The authors also give some advice that I’ve followed as the secure base in the partnership: availability, lack of interference and encouragement. I will make sure that with liaisons and also partnerships that I have concurrently that I focus on my leading with these factors.

Like other authors who I’ve enjoyed, there are vignettes in this book and one sounds just like my ex-wife. This character, Shelley, throws tantrums, threatens to leave, and has online affairs. The latter weren’t affairs, but rather being glued to her phone all the time and joining and leaving support groups or being consumed by fighting with colleagues and chained to her emails. Shelley threatens to leave all the time and doesn’t finally leave until she’s “met someone else” and leaves the marriage (Heller & Levine, 2010). Nathan can’t understand why he put up with this treatment for so long, but the authors offer explanation:

“Secure people are likely to offer relatively benign explanations of their partners’ hurtful actions and be inclined to forgive their partner”

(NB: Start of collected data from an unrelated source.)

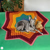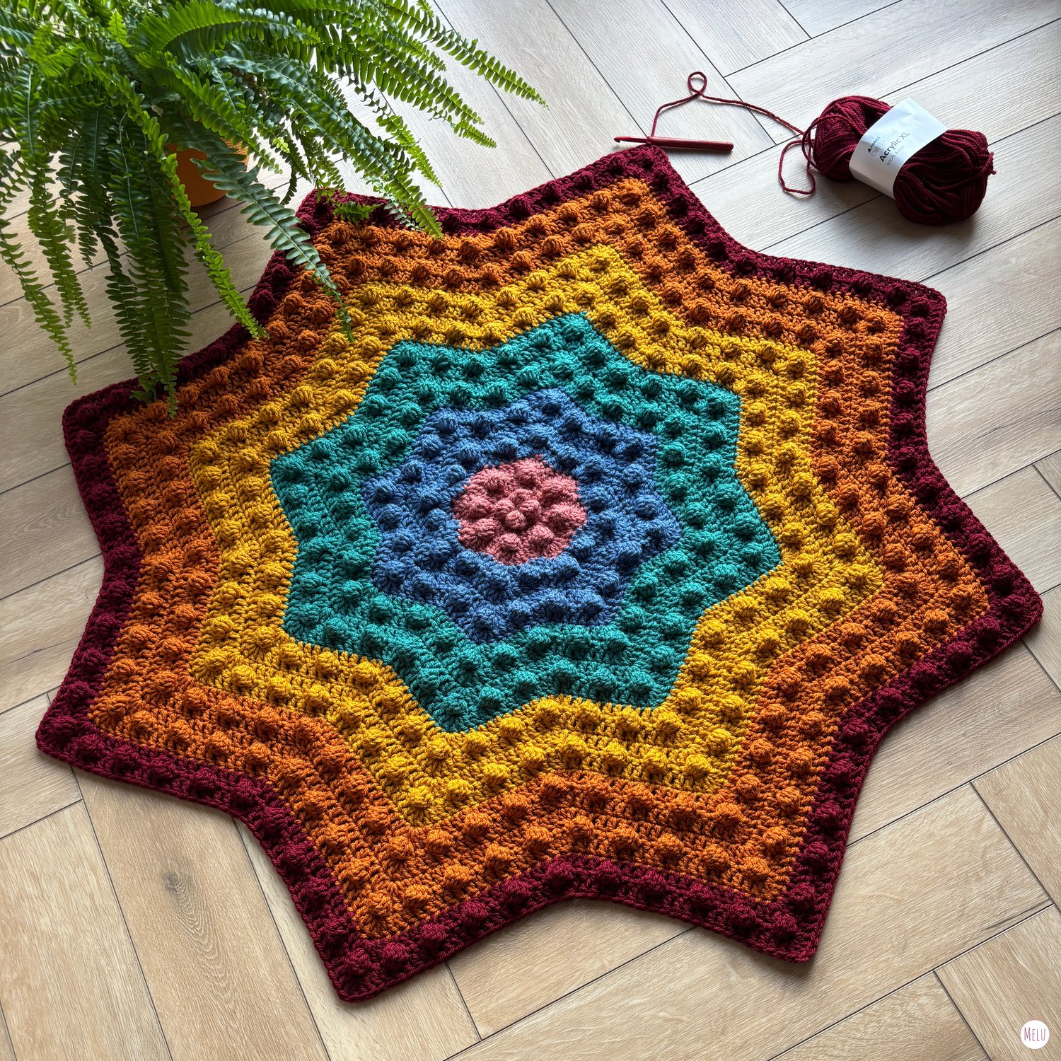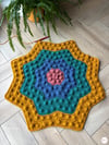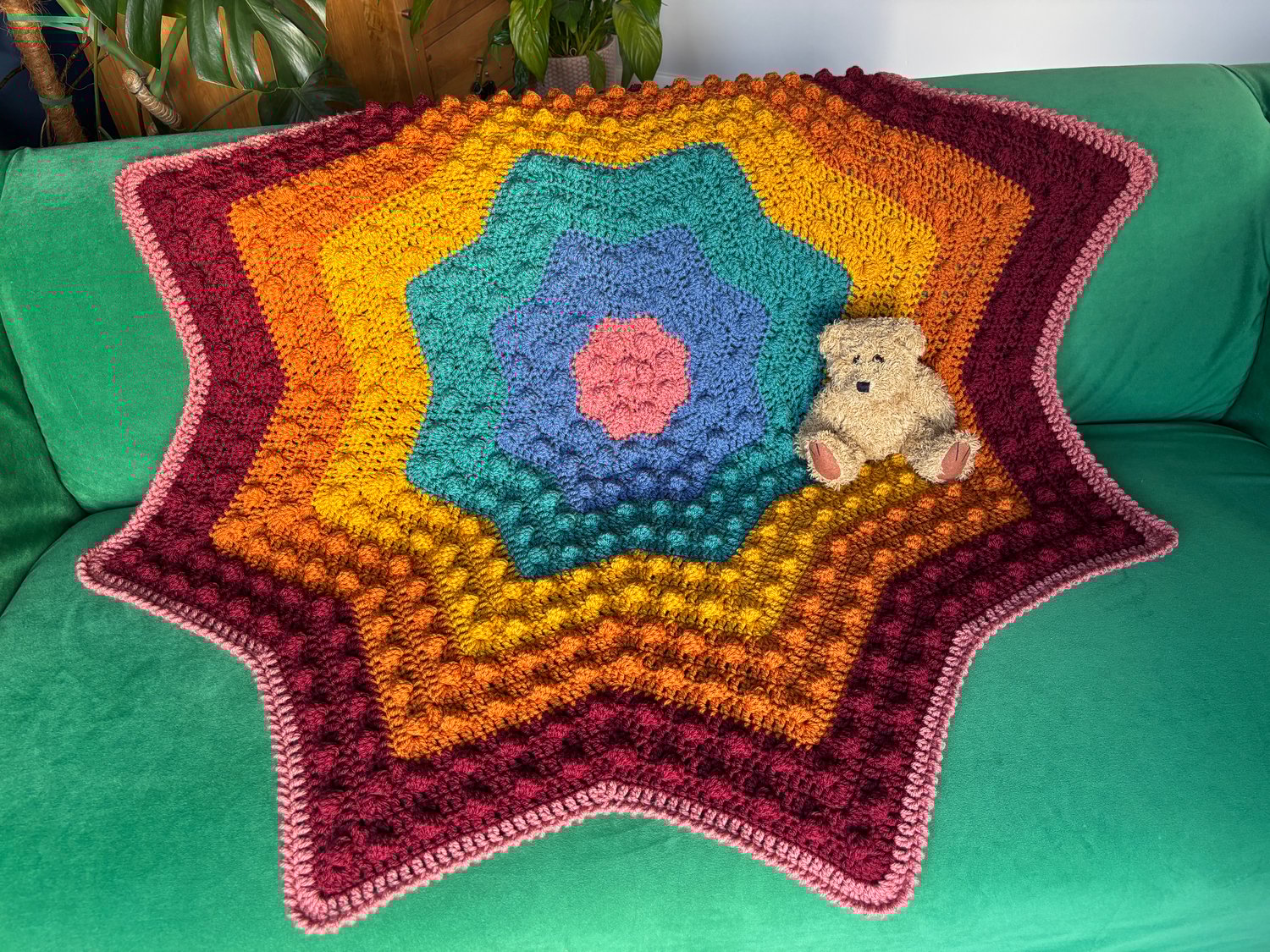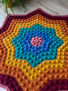 The Nebula Bobble Star Dark Rainbow Blanket is a striking, star shaped crochet blanket featuring a beautifully textured bobble pattern that radiates outwards like a glowing nebula.
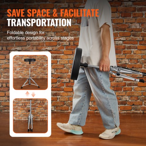 VEVOR Sgabello per Batteria, 540-670 mm Altezza Regolabile, Sgabello per Batteria Imbottito Sedile Piedini Antiscivolo Bacchette 5A Portata Massima di Peso 227 kg Sedia per Batteria Girevole a 360°
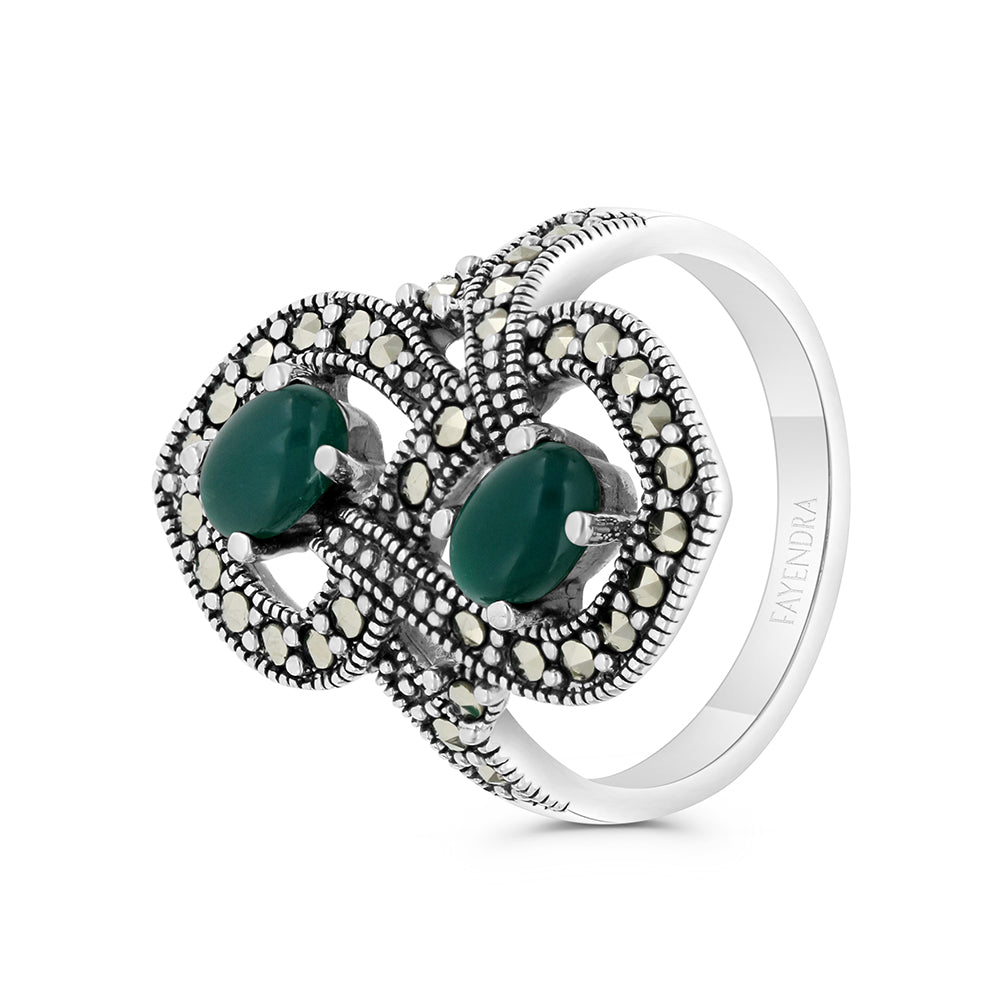 خاتم من الفضة الخالصة عيار 925 مرصع احجار عقيق جاد اخضر طبيعي و ماركسايت
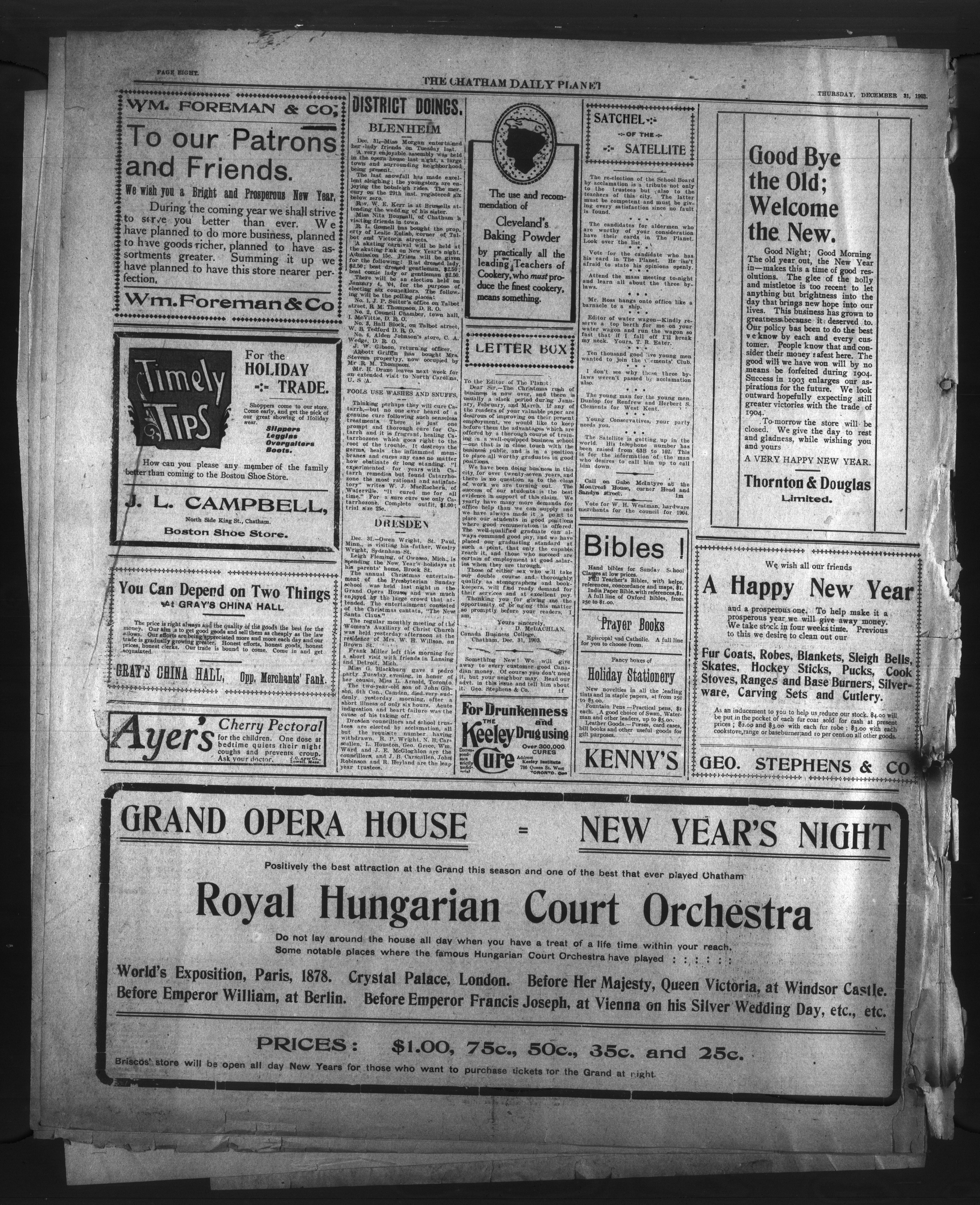 - The Chatham Daily Planet : Vol. XIII, No. 2 (December 31, 1903)
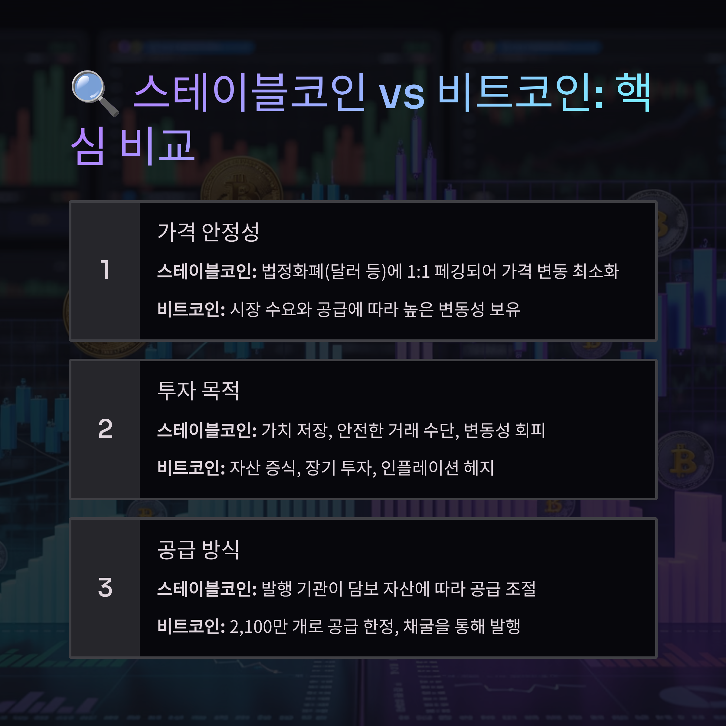 🔍 스테이블코인 vs 비트코인: 핵심 비교

from Mikulincer and Shaver via Heller & Levine, 2010, p. 147

That’s what I did when she would be volatile. She’d move in with her sister. She’d look at apartments. She’d live with her Mom for a couple months. Finally, she bought a condo and showered there and spent increasing hours there; sleeping at our house a couple nights a week until she got a tenant. After she got a tenant, she was here, but not really here. She’d space out when I talked for more than one sentence and then snap back and say, “Sorry, what were you saying?”

I simply don’t look back now. I’m so glad that she’s gone and in two short months, I’ve not seen or spoken to her for a year. My attachment work is making sure that I am still a consistent base for my partners and also liaisons, and that I don’t continue a date or be in a partnership in which I can’t express myself honestly.